Roads and Statues – not good enough



In a recent interview with the country’s biggest newspaper, The Namibian, outgoing Namibian president his former Excellency Hifikepunye Pohamba asked his interviewer, “Do you see the roads? If you see them, why don’t you write and put in in the newspapers.”

He was referring to what he views as a negative stance by the paper towards the government. He was slightly irate and questioned why the paper was full of negative stories about the government.
“I am not saying you should not write negative stories about the government. Let’s write it but it should not be 100%.”

His former Excellency (who is currently passing the torch onto his successor as I write this) then pulled a classic move from the playbook, he went on to list the infrastructure built by the government on his watch. The roads (nice roads, I must say), University campuses, the state house, and a few statues.

I must admit that the Namibian government over the last 25 years has done well in terms of infrastructure development.

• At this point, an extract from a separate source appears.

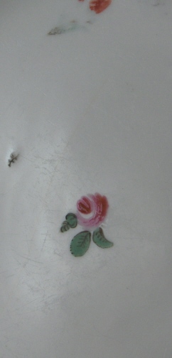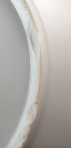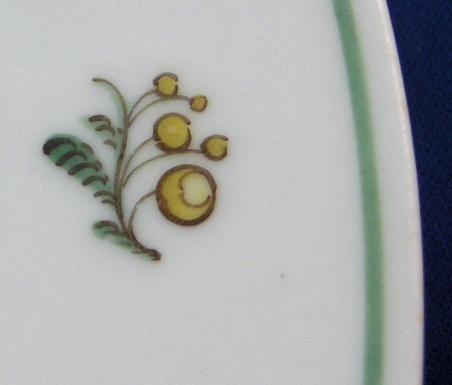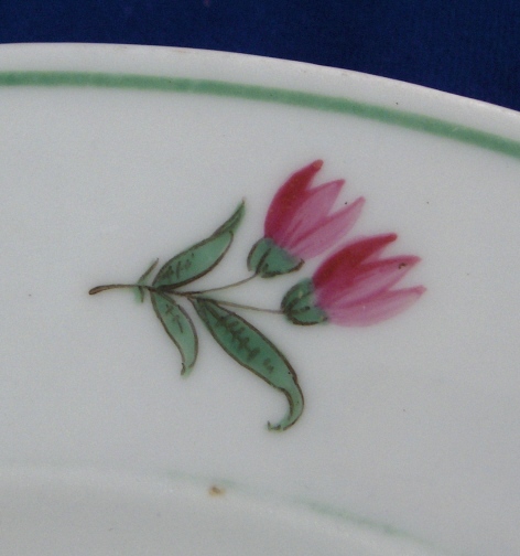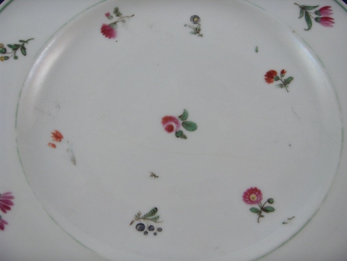 This is a rare porcelain plate made by Del Vecchio in the late 18th century. It is handpainted with a nice scattered flower design as well as a light green ring around the rim. Their wares are very ahrd to find and this is the first porcelain piece I own. It is quite simple yet very elegant and typical Italian in the style of the flowers, etc. The plate is in decent condition with a hairline in the center which is easier to spot from the udnerside and completely stable, a few chips to the footring and some wear from use as shown. It is marked underneath with an incised 16 and it has three stilt marks from the firing process. The plate is a little over 1.25 inches tall and 9.375 inches in diameter. Please email me for more information or other pictures.

We have a great road network, rural electrification is slowly progressing, although there are still rural areas without potable water. They’ve built schools, hospitals, administration offices. But after 25 years, is that really enough, can we still boast about it?

To me this is a classic case of, “Ka kola kekulye.” An Oshiwambo proverb that loosely means ‘raise the hound that will bite you’. The Namibian newspaper supported the current government and vice versa, when their common enemy was the oppressive regime of Apartheid South Africa. The newspaper told it like it was, often exposing gross atrocities and leaning towards the current government. Now that the Namibian newspaper is criticizing the current government, it’s suddenly too negative. So who changed? Was it the newspaper or the government? I’ll leave this here.

Back to my point, are roads really a measure of our progress as a nation? Most of the roads his former Excellency mentioned were supervised by the Chinese with local labour, the new fancy State House was as well, and to top it off, the statues in front of the new national museum were made in South Korea. Should we really be bragging about this? We’ve got a massive social inequality problem, a huge youth unemployment issue, and a headache of an urban land predicament. Should we really be bragging about roads that other countries built for us? Shouldn’t we be trying as hard as we can to make sure that the graduates from our engineering school are in a position to build our roads for us in the future? That’s something we could be able to brag about.

In my opinion we’ve come to a point, where basic infrastructure development is really something that government is supposed to do. It’s like a kid at a private school getting good grades, it’s something that’s to be expected, and nothing special (It’s in the National Development plans). We should be looking to challenge ourselves and attempt to over achieve (Free tertiary education anyone?).
What’s your take? Let me know, drop me a comment.

And, happy Independence Day to my fellow Namibians all over the world. 25 years and still a beacon of hope and progress.